▸ PROBLEM STATEMENT
Repeat only the stretch of lines below that runs from the line with "Стильное зеркало, дизайн" through the line with "潮州發(fā)生一起天然氣管道泄漏事故, 現(xiàn)場拉起警戒線和疏散人群", unaltered.

▸ MATERIALS PROVIDED
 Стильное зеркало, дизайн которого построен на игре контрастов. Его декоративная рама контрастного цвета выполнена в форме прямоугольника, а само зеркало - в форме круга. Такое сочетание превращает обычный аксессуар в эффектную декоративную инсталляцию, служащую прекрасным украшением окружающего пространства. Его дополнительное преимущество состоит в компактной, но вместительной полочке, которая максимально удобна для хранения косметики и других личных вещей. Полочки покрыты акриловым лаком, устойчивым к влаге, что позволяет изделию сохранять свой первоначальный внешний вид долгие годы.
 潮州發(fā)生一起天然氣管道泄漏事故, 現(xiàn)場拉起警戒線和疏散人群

==

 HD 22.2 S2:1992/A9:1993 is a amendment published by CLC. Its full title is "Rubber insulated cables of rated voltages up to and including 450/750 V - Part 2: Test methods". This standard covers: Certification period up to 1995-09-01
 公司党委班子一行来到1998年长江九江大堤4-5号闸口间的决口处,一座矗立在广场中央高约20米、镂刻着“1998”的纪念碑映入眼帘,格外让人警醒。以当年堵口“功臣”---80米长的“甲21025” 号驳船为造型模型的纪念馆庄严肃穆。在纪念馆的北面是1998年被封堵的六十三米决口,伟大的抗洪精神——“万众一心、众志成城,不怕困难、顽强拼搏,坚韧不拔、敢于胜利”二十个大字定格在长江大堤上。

▸ OUTPUT FOR THIS TASK
 Стильное зеркало, дизайн которого построен на игре контрастов. Его декоративная рама контрастного цвета выполнена в форме прямоугольника, а само зеркало - в форме круга. Такое сочетание превращает обычный аксессуар в эффектную декоративную инсталляцию, служащую прекрасным украшением окружающего пространства. Его дополнительное преимущество состоит в компактной, но вместительной полочке, которая максимально удобна для хранения косметики и других личных вещей. Полочки покрыты акриловым лаком, устойчивым к влаге, что позволяет изделию сохранять свой первоначальный внешний вид долгие годы.
 潮州發(fā)生一起天然氣管道泄漏事故, 現(xiàn)場拉起警戒線和疏散人群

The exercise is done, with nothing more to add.